Exploring Generative AI in conversational experiences: An Introduction with Amazon Lex, Langchain, and SageMaker Jumpstart

Customers expect quick and efficient service from businesses in today’s fast-paced world. But providing excellent customer service can be significantly challenging when the volume of inquiries outpaces the human resources employed to address them. However, businesses can meet this challenge while providing personalized and efficient customer service with the advancements in generative artificial intelligence (generative AI) powered by large language models (LLMs).

Generative AI chatbots have gained notoriety for their ability to imitate human intellect. However, unlike task-oriented bots, these bots use LLMs for text analysis and content generation. LLMs are based on the Transformer architecture, a deep learning neural network introduced in June 2017 that can be trained on a massive corpus of unlabeled text. This approach creates a more human-like conversation experience and accommodates several topics.

As of this writing, companies of all sizes want to use this technology but need help figuring out where to start. If you are looking to get started with generative AI and the use of LLMs in conversational AI, this post is for you. We have included a sample project to quickly deploy an Amazon Lex bot that consumes a pre-trained open-source LLM. The code also includes the starting point to implement a custom memory manager. This mechanism allows an LLM to recall previous interactions to keep the conversation’s context and pace. Finally, it’s essential to highlight the importance of experimenting with fine-tuning prompts and LLM randomness and determinism parameters to obtain consistent results.

Solution overview

The solution integrates an Amazon Lex bot with a popular open-source LLM from Amazon SageMaker JumpStart, accessible through an Amazon SageMaker endpoint. We also use LangChain, a popular framework that simplifies LLM-powered applications. Finally, we use a QnABot to provide a user interface for our chatbot.

First, we start by describing each component in the preceding diagram:

JumpStart offers pre-trained open-source models for various problem types. This enables you to begin machine learning (ML) quickly. It includes the FLAN-T5-XL model, an LLM deployed into a deep learning container. It performs well on various natural language processing (NLP) tasks, including text generation.
A SageMaker real-time inference endpoint enables fast, scalable deployment of ML models for predicting events. With the ability to integrate with Lambda functions, the endpoint allows for building custom applications.
The AWS Lambda function uses the requests from the Amazon Lex bot or the QnABot to prepare the payload to invoke the SageMaker endpoint using LangChain. LangChain is a framework that lets developers create applications powered by LLMs.
The Amazon Lex V2 bot has the built-in AMAZON.FallbackIntent intent type. It is triggered when a user’s input doesn’t match any intents in the bot.
The QnABot is an open-source AWS solution to provide a user interface to Amazon Lex bots. We configured it with a Lambda hook function for a CustomNoMatches item, and it triggers the Lambda function when QnABot can’t find an answer. We assume you have already deployed it and included the steps to configure it in the following sections.
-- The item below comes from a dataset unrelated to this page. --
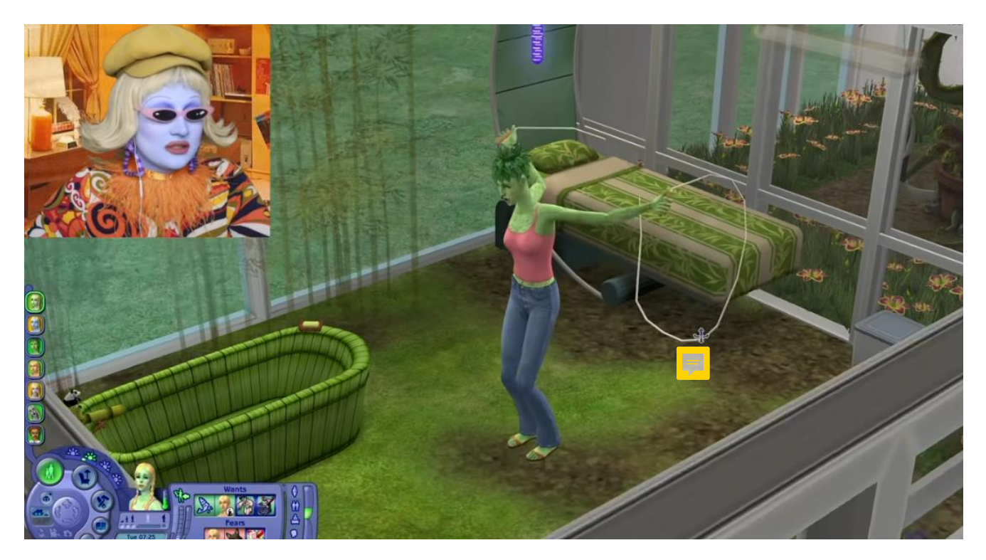
Figure 3: Juno Birch playing The Sims 2. September 7, 2021.

Retrieved March 14, 2022. <u>https://www.youtube.com/watch?v=qFn891a4CMk&list=PLP915YulD0rNX7iCUj3bg48kCW4TvkDrv&ind</u> <u>ex=2</u>
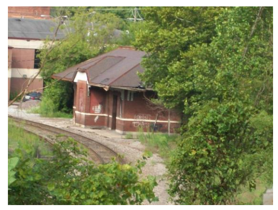
View from freight depot

The solution is described at a high level in the following sequence diagram.

Major tasks performed by the solution

In this section, we look at the major tasks performed in our solution. This solution’s entire project source code is available for your reference in this GitHub repository.

Handling chatbot fallbacks

The Lambda function handles the “don’t know” answers via AMAZON.FallbackIntent in Amazon Lex V2 and the CustomNoMatches item in QnABot. When triggered, this function looks at the request for a session and the fallback intent. If there is a match, it hands off the request to a Lex V2 dispatcher; otherwise, the QnABot dispatcher uses the request. See the following code:

def dispatch_lexv2(request):
    """Summary
    Args:
        request (dict): Lambda event containing a user's input chat message and context (historical conversation)
        Uses the LexV2 sessions API to manage past inputs https://docs.aws.amazon.com/lexv2/latest/dg/using-sessions.html
    
    Returns:
        dict: Description
    """
    lexv2_dispatcher = LexV2SMLangchainDispatcher(request)
    return lexv2_dispatcher.dispatch_intent()

def dispatch_QnABot(request):
    """Summary
    
    Args:
        request (dict): Lambda event containing a user's input chat message and context (historical conversation)
    
    Returns:
        dict: Dict formatted as documented to be a lambda hook for a "don't know" answer for the QnABot on AWS Solution
        see https://docs.aws.amazon.com/solutions/latest/QnABot-on-aws/specifying-lambda-hook-functions.html
    """
    request['res']['message'] = "Hi! This is your Custom Python Hook speaking!"
    qna_intent_dispatcher = QnASMLangchainDispatcher(request)
    return qna_intent_dispatcher.dispatch_intent()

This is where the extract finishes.